At Collegiate, the summer months offer Richmond-area students of all ages these types of experiences. And, because so many of the camps available are taught by Collegiate faculty and staff, campers and their families not enrolled at Collegiate have a chance to experience the School’s approach to education. The games played on Grover Jones Field. The engineering and robotics instruction. The trips taken within the expansive worlds of books and those long sails down the James River. All of it is part of Collegiate’s Summer Quest, which, this year, offered 220 camps during the summer, each catered toward discovery. 

More excitement follows the praying mantis. Hartley then brings out a dobsonfly, a big-winged insect with menacing-looking jaws, to show the campers.

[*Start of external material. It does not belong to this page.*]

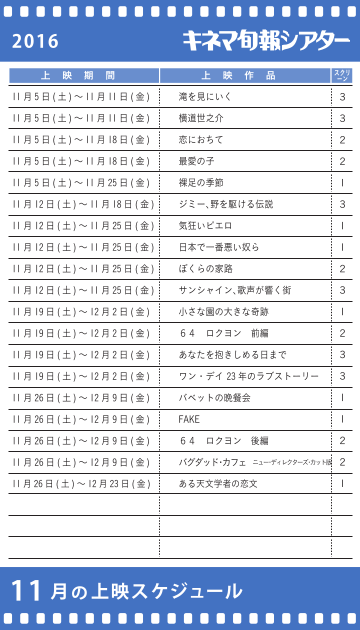 キネマ旬報2016年1月上旬号「2016年映画の旅」特集と連動したリストをご用意。キネマ旬報編集部の勧める作品が知りたい!という方は必見。それぞれ個性の違う編集者3名の見たい作品をリストにしました。
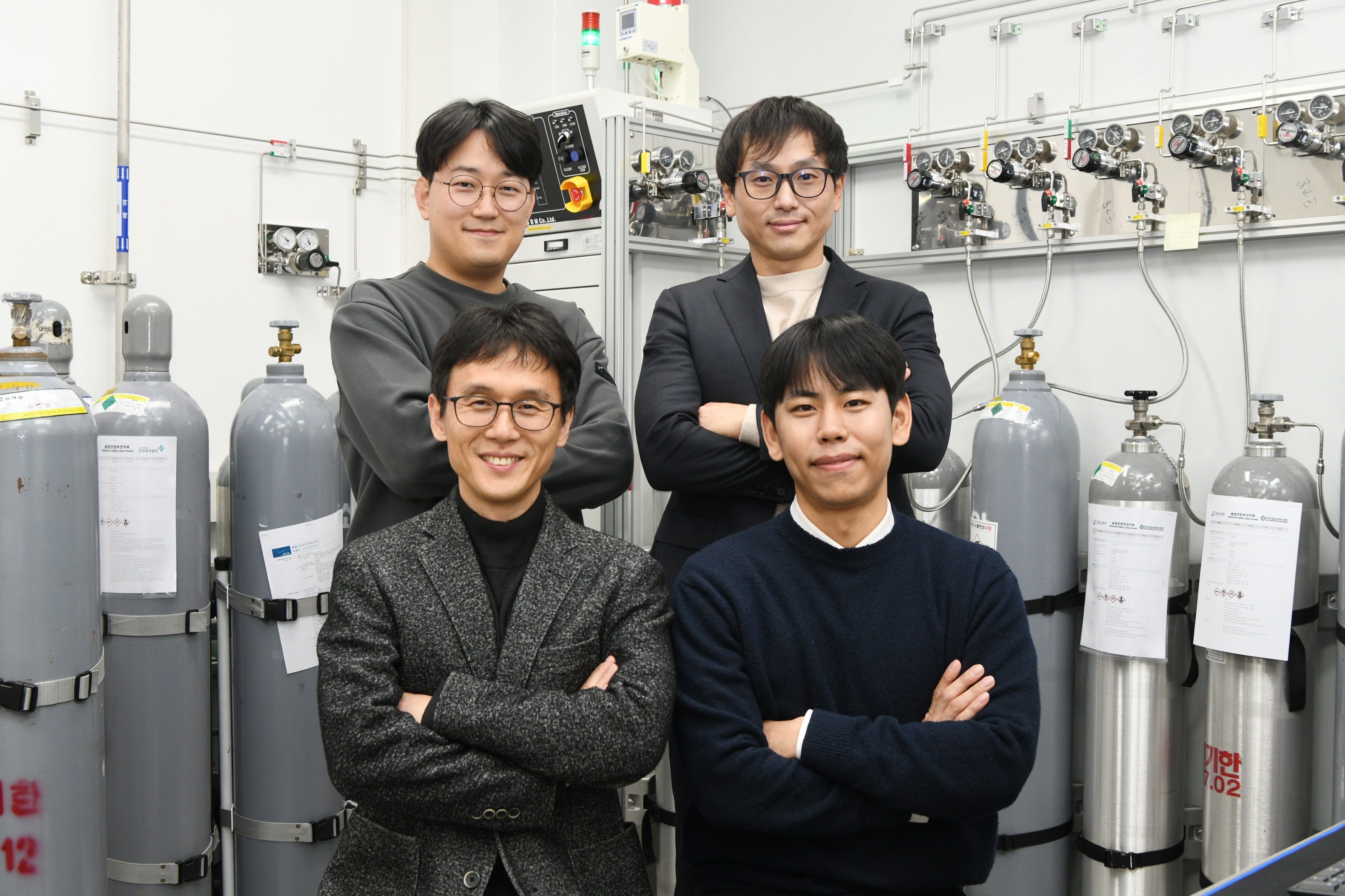 (앞줄 좌측부터 시계방향으로 KRISS 권지환 첨단소재측정그룹장, 전종철 기술원, 권기창 책임연구원, 서울대학교 남기백 박사과정생)

They’re all thrilled, giddily observing the papery wings through the container Hartley caught it with. Although intimidating, the insect is virtually harmless, Hartley tells the students, and their excitement rises at the occasion of this new experience. This is something they’ve never seen before. 

“I love this camp!” one student exclaims, moving closer to Hartley to have a better look at the dobsonfly. “Mrs. Hartley lets us see all these cool bugs up close.” Later, once back inside, the campers write in their gardening journals, drawing pictures of the bugs they saw, detailing their explorations. 

Like so many activities throughout Summer Quest, Hartley’s camp offers a keener, gentler way of seeing the world. “There’s a lot of world in a little flower,” Hartley says. “And I just want to introduce that world to students. By feeling closer to the world around them, it helps them hopefully become more empathetic and understanding.” And that’s what learning is all about, really: broadening your sense of things, in this case by looking closely. 

Earlier that day, the campers enjoyed a close look at one- and two-day old chicks that groundskeeper Andrew Stanley incubated and hatched. Ten cute bundles of chirping feathers, hopping around a classroom, making little clucks as the students hold them. “When they’re squeaking like that they’re telling you something,” one student says. Hartley recommends water — maybe the chick is thirsty. This is about hands-on education, and, with the student’s hands cupped gently around the chick’s belly, hands-on doesn’t get much closer than that. Hartley passes the student a little bottle cap filled with water to offer up. She’s absorbed in the moment, stroking the chick’s head. “This is just so amazing,” she says, smiling.